CN101211339A - Intelligent web page classifier based on user behaviors - Google Patents
Intelligent web page classifier based on user behaviors Download PDFInfo
- Publication number
- CN101211339A CN101211339A CNA2006101483419A CN200610148341A CN101211339A CN 101211339 A CN101211339 A CN 101211339A CN A2006101483419 A CNA2006101483419 A CN A2006101483419A CN 200610148341 A CN200610148341 A CN 200610148341A CN 101211339 A CN101211339 A CN 101211339A
- Authority
- CN
- China
- Prior art keywords
- user
- classification
- web page
- sample set
- webpage
- Prior art date
- Legal status (The legal status is an assumption and is not a legal conclusion. Google has not performed a legal analysis and makes no representation as to the accuracy of the status listed.)
- Pending
Links
Landscapes
- Information Retrieval, Db Structures And Fs Structures Therefor (AREA)
Abstract
An intelligent web page classification device based on the user's behaviors: (1) Perform background input with an initial classification sample group for training, so as to gain a clustering center of each classification in the characteristic space. (2) Receive a URL input by the user input before catching and analyzing corresponding pages on the background; then, output texts with index value in the page. Moreover, extract a characteristic set according to the user-input content and web page contents; then, perform feedback modification for the characteristic space in the initial classification sample group and adjust the characteristic weight factor in the vector space. (3) Use the user-selected classification device to perform automatic classification for the texts in the previous step of the created texts and output results. When the user executes a search, the classification device can automatically determine the classification of each result and perform gradual adjustment for the classification device; the more times the user executes the search, the more accurate the classification of the web page classification device will be, so as to help different users effectively reduce the size of the set of the search result before locating necessary information more accurately.
Description
Technical field
The present invention relates to a kind of webpage be carried out the technology of intelligent classification, particularly carried out the intelligence learning of sorter in conjunction with user behavior feature and web page contents.
Background technology
Existing Web page classifying device mainly comprises two big classes: the manual sort.Directory search such as YAHOO is to take artificial mode to classify to being kept in the local data base.Though the classification degree of accuracy is higher, efficient is very low, and renewal speed is slow, and maintenance workload is big.Automatically classification.Replace manually webpage being classified with computer system, mainly comprise two kinds of implementation methods: the sorter of KBE and based on the sorter of statistics.The former mainly relies on linguistic knowledge, needs a large amount of inference rules of establishment as classificating knowledge, and Search Results is very accurate, but realizes quite complexity, and the development cost costliness.The latter ignores the linguistics structure of text, and text is considered as the characteristic item set, utilizes the weighted feature item to constitute vector and carries out text representation, the frequency of utilizing word to occur is weighted text feature, realize fairly simplely, classify accuracy is higher, can satisfy general requirement of using.But having shortcoming is not consider with the user search behavior to carry out interaction, and also is not suitable for the very high inquiry of scientific literature and so on claimed accuracy.
Summary of the invention
In order to overcome the above-mentioned deficiency of existing sorter, on traditional basis based on the vector space model Web page classifying device of adding up, the invention provides a kind of novel intelligent Web page classifying device, this sorter can not only satisfy the accurate classificating requirement with huge scale storage webpage, and can dynamically adjust the preliminary classification sample set in conjunction with user behavior, the classification results of meeting consumers' demand is provided for the search engine foreground.

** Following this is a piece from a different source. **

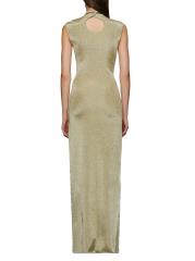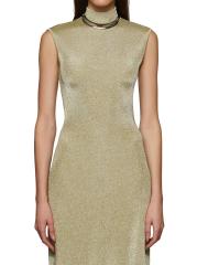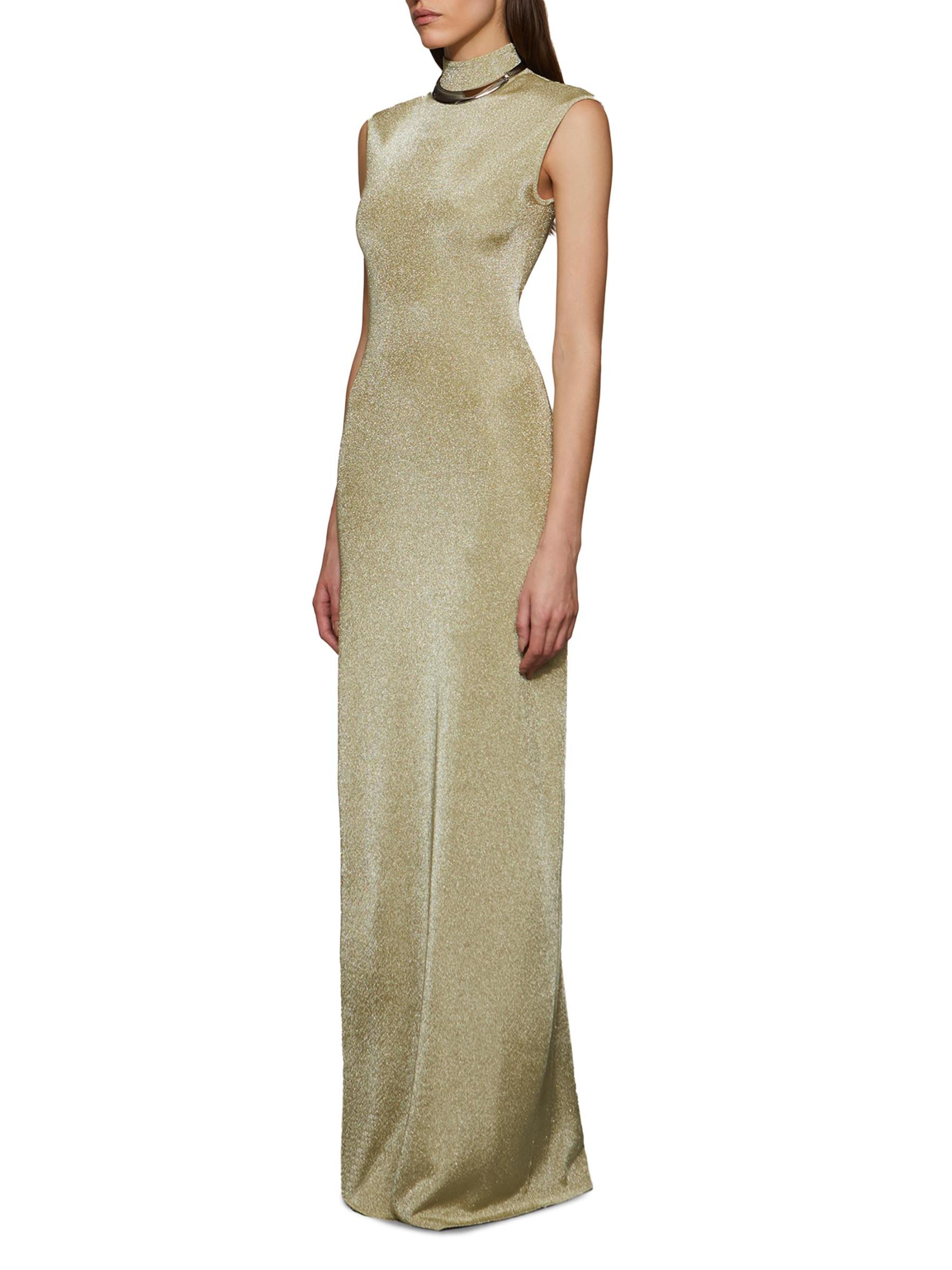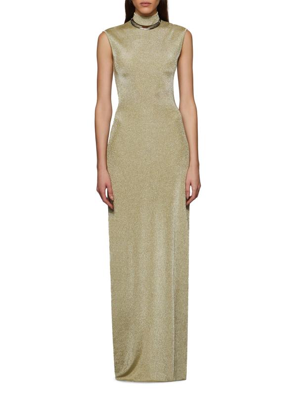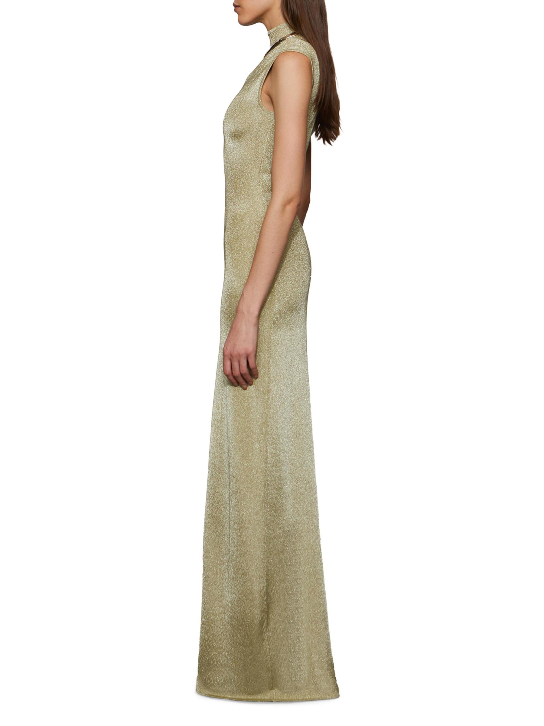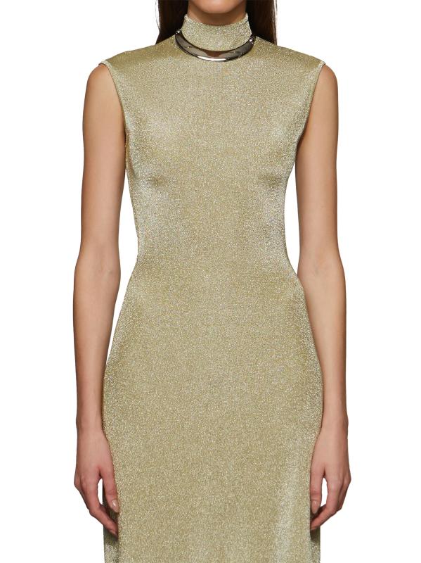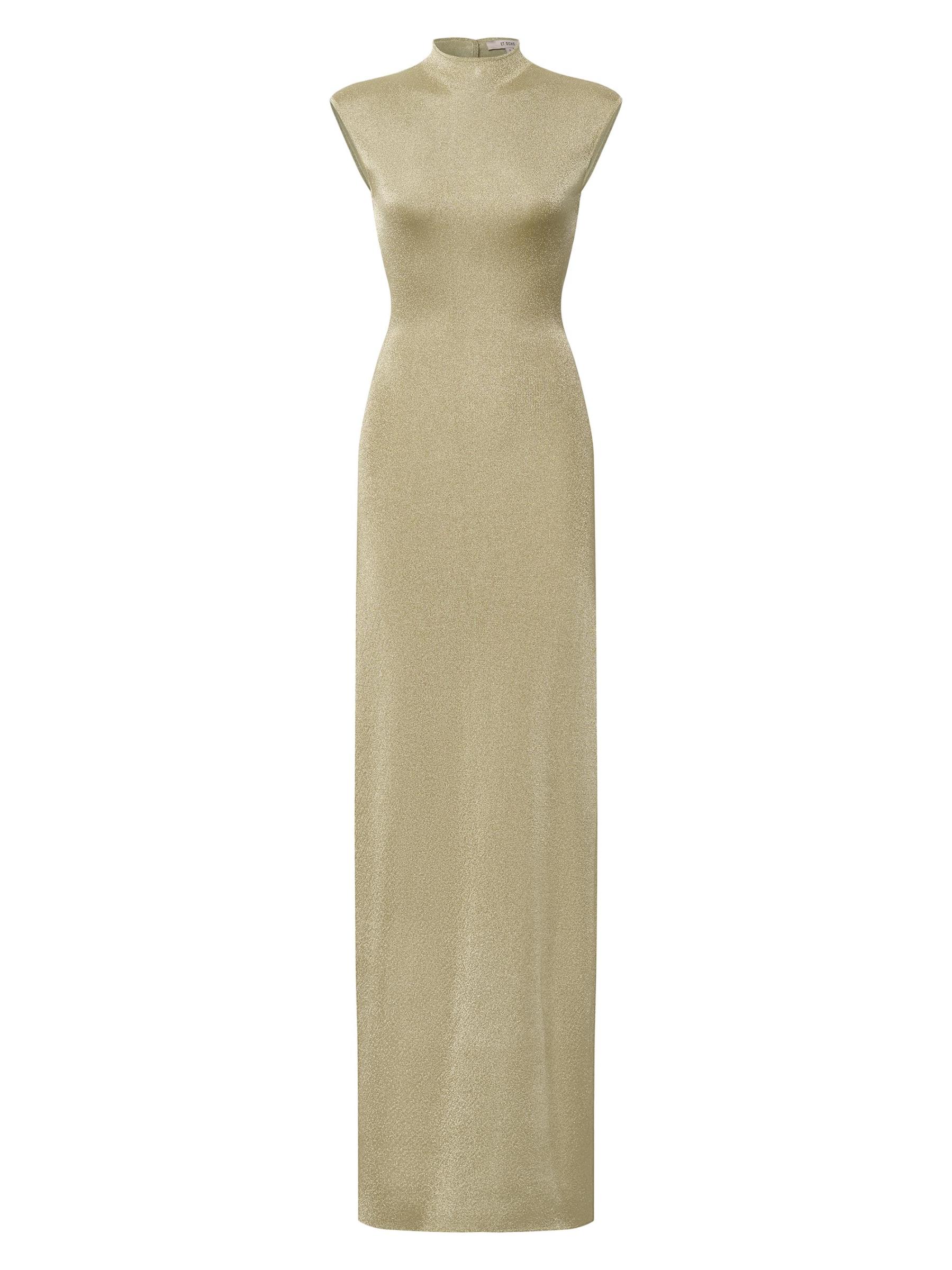 Crafted of a compact metallic knit, Et Ochs' Clare sleeveless maxi dress is cut for a sleek, formfitting silhouette and styled with mock turtleneck.

Intelligent web page classifier based on user behavior:
(1) backstage input preliminary classification sample set is trained, and obtains each and is sorted in cluster centre on the feature space.
(2) receive the URL that the user imports, the backstage is grasped and is also analyzed the corresponding page, the text that has index to be worth in the output page.And according to user input content and web page contents, extract characteristic set, the feature space of preliminary classification sample set is carried out feedback revise, adjust the feature weight value of vector space.

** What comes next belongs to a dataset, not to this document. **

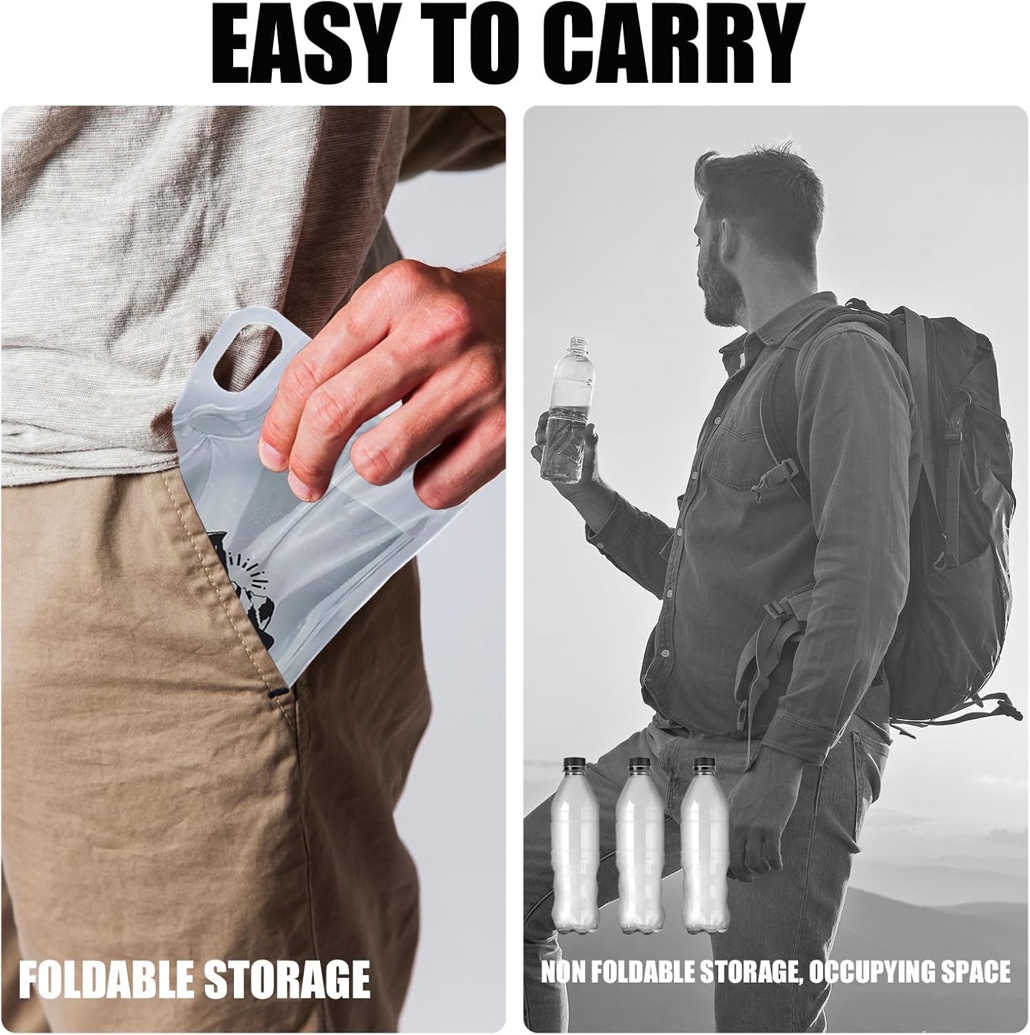 Hiking Water Bottle: 5-piece water bottle set, each with a capacity of 1L (33OZ), with a 28mm thread on the bottle mouth that can be connected to any portable water filter. The foldable water bottle can be used multiple times, and its lightweight size and volume are very suitable for various outdoor scenarios such as outdoor travel, camping, hiking, and mountaineering

(3) sorter that adopts the user to select is classified automatically to the text that previous step generates, and the output result.
After the user has carried out once search, sorter is judged the classification under every result automatically, and sorter is progressively adjusted, the searching times that the user carries out is many more, the classification of Web page classifying device is just accurate more, thereby help different user effectively to dwindle the set of Search Results, find required information more accurately.This method is applicable to the classification of various language texts, only will adopt the segmenting word method that is different from Romance for Asian language.
Specific embodiment:
In vector space model, text is made a general reference various machine-readable records, with D (Document) expression.Characteristic item T (Term) is meant the basic language unit that appears in the document D and can represent the document content, mainly is to be made of speech or phrase, and text can be D (T with the characteristic item set representations
1, T
2..., Tn), wherein Tk is a characteristic item, k ∈ 1,2 ..., N.For containing the text of n characteristic item, give certain weight can for usually each characteristic item and represent its significance level.Be D=D (T1, W1; T2, W2; , Tn, Wn), note by abridging into D=D (W1, W2 ..., Wn), this is become the vector representation of text, and wherein Wk is the weight of Tk, k ∈ 1,2 ..., N.In vector space model, two arbitrary text D
iAnd D
jBetween content degree of correlation Sim (D
i, D
j) cosine value of angle represents that formula is between the vector commonly used:
Wherein, W
Ik, W
JkRepresent text D respectively
iAnd D
jThe weights of k characteristic item, k ∈ 1,2 ..., N.If it is Th[i that the threshold value of certain keyword number of times is imported in user's search].
The concrete grammar step is as follows:
(1) selects suitable standard vocabulary.The range of application of combining classification device is selected suitable classed thesaurus, just selects the Dewey Decimal Classification sorted table such as belonging to library's application.Each word in the vocabulary is endowed different serial numbers and Hash functional value.And be the threshold value Th[i of each word designated user input number of times].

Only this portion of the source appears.